Cette dissolution d’un mouvement radical, une première en Indonésie, constitue un avertissement sans frais pour le FPI, dont le président, Habib Rizieq Shihab est actuellement réfugié en Arabie Saoudite pour échapper, ironie du sort, à une inculpation pour violation de la loi sur la pornographie (loi qu’il avait œuvré à faire adopter il y quelques années)7. En août enfin, le démantèlement d’une cellule spécialisée dans la désinformation, fondée par un proche de Prabowo, a bien montré le caractère très organisé des rumeurs et accusations mensongères qui ont causé la perte du gouverneur de Jakarta. Des mesures pour protéger la prochaine élection présidentielle de telles manœuvres sont à l’étude.

Les démonstrations de haine masquent également des évolutions de fond plus rassurantes et les partisans de l’ouverture religieuse ont remporté, ces derniers mois, une victoire de première importance largement passée inaperçue dans la presse occidentale. Un décret gouvernemental, puis la cour suprême ont autorisé les citoyens indonésiens à faire mentionner sur leur carte d’identité les « croyances traditionnelles » (aliran kepercayaan) en lieu et place de l’une des six religions reconnues. Ils pourraient même ne rien mentionner, rompant avec une obligation appliquée depuis 1966 pour lutter contre l’athéisme et donc le communisme. Ces perspectives inquiètent grandement les réseaux militants de l’islam conservateur car, au-delà du danger imaginaire de résurgence du communisme, elles pourraient permettre aux Indonésiens d’échapper aux pressions croissantes d’orthopraxie au sein de la communauté musulmane.
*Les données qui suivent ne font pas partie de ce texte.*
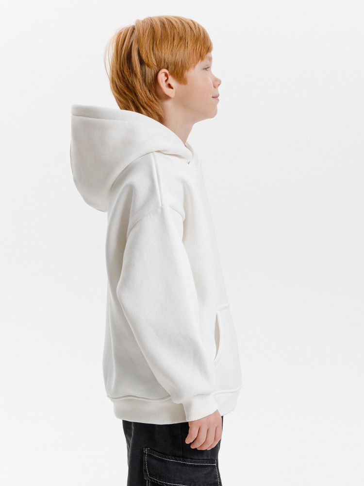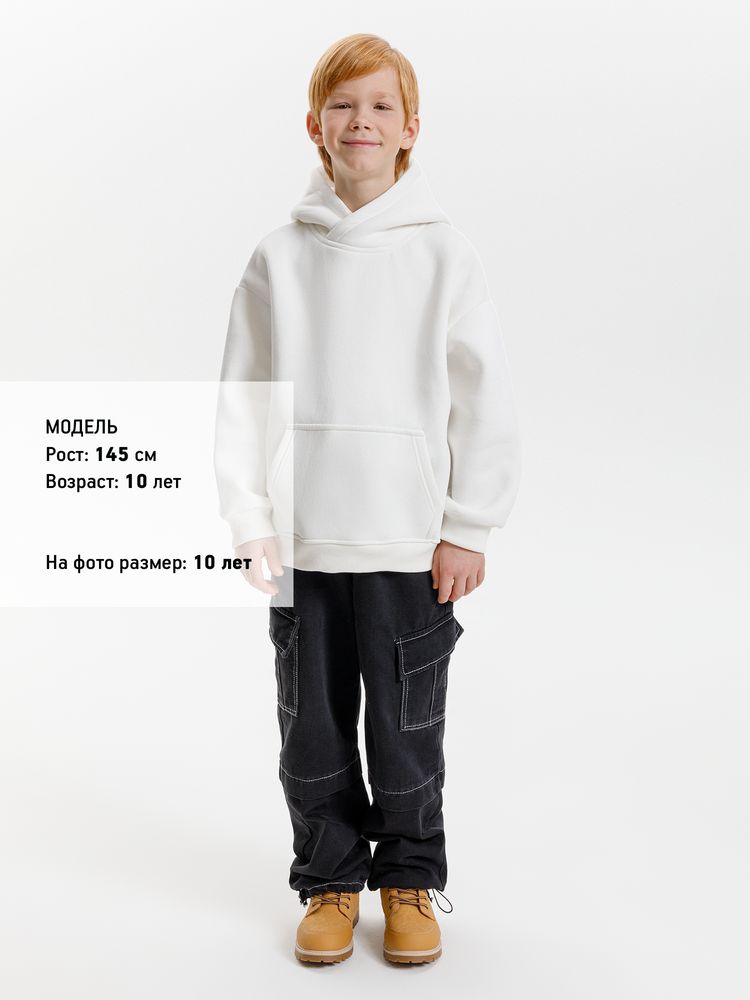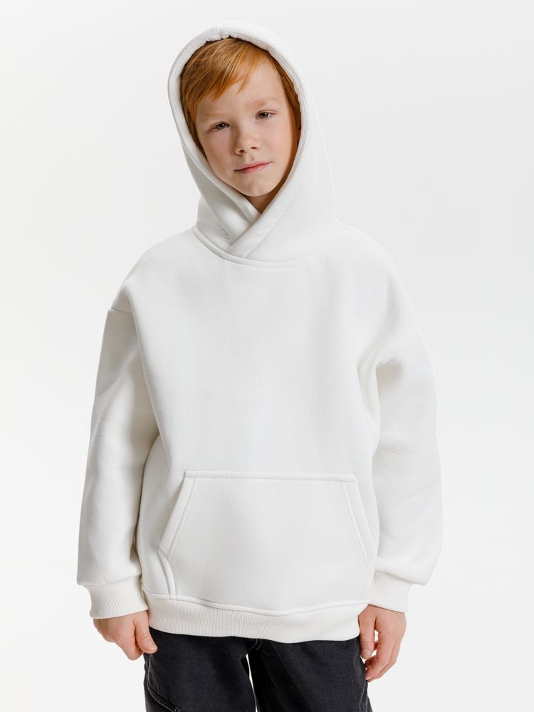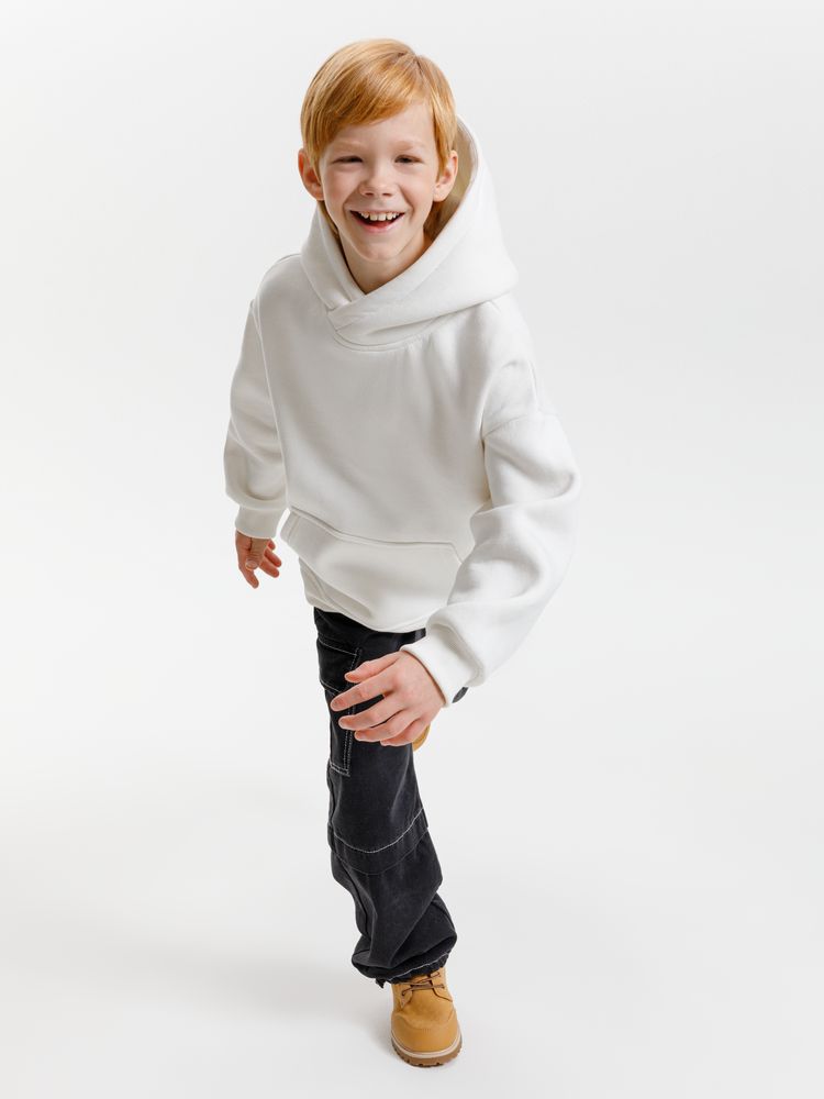 Детское худи унисекс со спущенным плечом и карманом-кенгуру.

L’Indonésie est le pays le plus démocratique d’Asie du Sud-Est et sans doute de l’ensemble du monde musulman. Le développement économique, presque ininterrompu depuis quarante ans, a donné naissance à une importante classe moyenne musulmane dont l’extériorisation de la piété constitue, avant tout, un mode d’appropriation symbolique de la mondialisation. Ce renouveau religieux n’est pas, en soi, un obstacle à l’approfondissement de la démocratie, au vivre ensemble et à la justice sociale. Profitant d’une liberté de pensée théologique sans équivalent dans les autres pays à majorité musulmane, il pourrait même en être le moteur. Pourtant, instrumentalisé par une étroite élite politico-économique encourageant le désir de légitimité de quelques leaders radicaux sans scrupule, il peut en devenir le fossoyeur.

Rémy Madinier

7 . Ce « père la morale » violent et intolérant avait eu l’imprudence d’échanger des messages salaces avec sa maîtresse dont le téléphone a été saisi dans le cadre d’une procédure judiciaire.